** Opening DATA block **
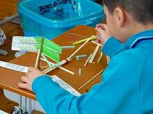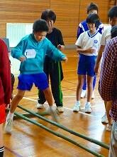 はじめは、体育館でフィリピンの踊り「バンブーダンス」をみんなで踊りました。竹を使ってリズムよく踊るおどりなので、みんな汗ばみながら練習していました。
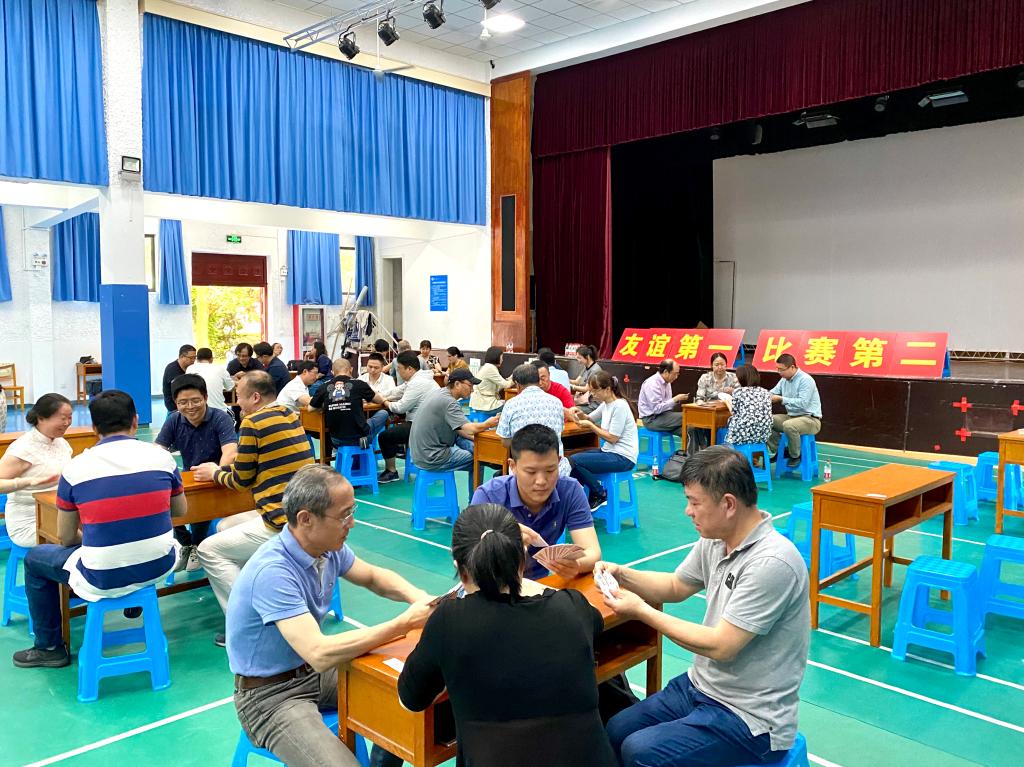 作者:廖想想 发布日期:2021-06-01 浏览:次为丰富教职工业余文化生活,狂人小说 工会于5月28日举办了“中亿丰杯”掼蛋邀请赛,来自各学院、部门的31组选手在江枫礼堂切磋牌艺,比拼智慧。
** Closing DATA block **
** Opening DATA block **
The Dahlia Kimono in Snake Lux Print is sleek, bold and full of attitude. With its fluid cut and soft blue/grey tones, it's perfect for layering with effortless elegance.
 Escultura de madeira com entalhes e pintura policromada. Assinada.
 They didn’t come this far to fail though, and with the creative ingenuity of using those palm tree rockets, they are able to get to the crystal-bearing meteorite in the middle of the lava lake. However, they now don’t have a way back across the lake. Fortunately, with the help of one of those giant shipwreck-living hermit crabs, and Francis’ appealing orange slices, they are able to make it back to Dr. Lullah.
** Closing DATA block **
**WHAT IS REQUIRED**
Please give back exactly the lines of this listing beginning at the line with "Escultura de madeira" and ending with the line with "They didn’t come", both included, and nothing else.

**ANSWER TO THIS TASK**
 Escultura de madeira com entalhes e pintura policromada. Assinada.
 They didn’t come this far to fail though, and with the creative ingenuity of using those palm tree rockets, they are able to get to the crystal-bearing meteorite in the middle of the lava lake. However, they now don’t have a way back across the lake. Fortunately, with the help of one of those giant shipwreck-living hermit crabs, and Francis’ appealing orange slices, they are able to make it back to Dr. Lullah.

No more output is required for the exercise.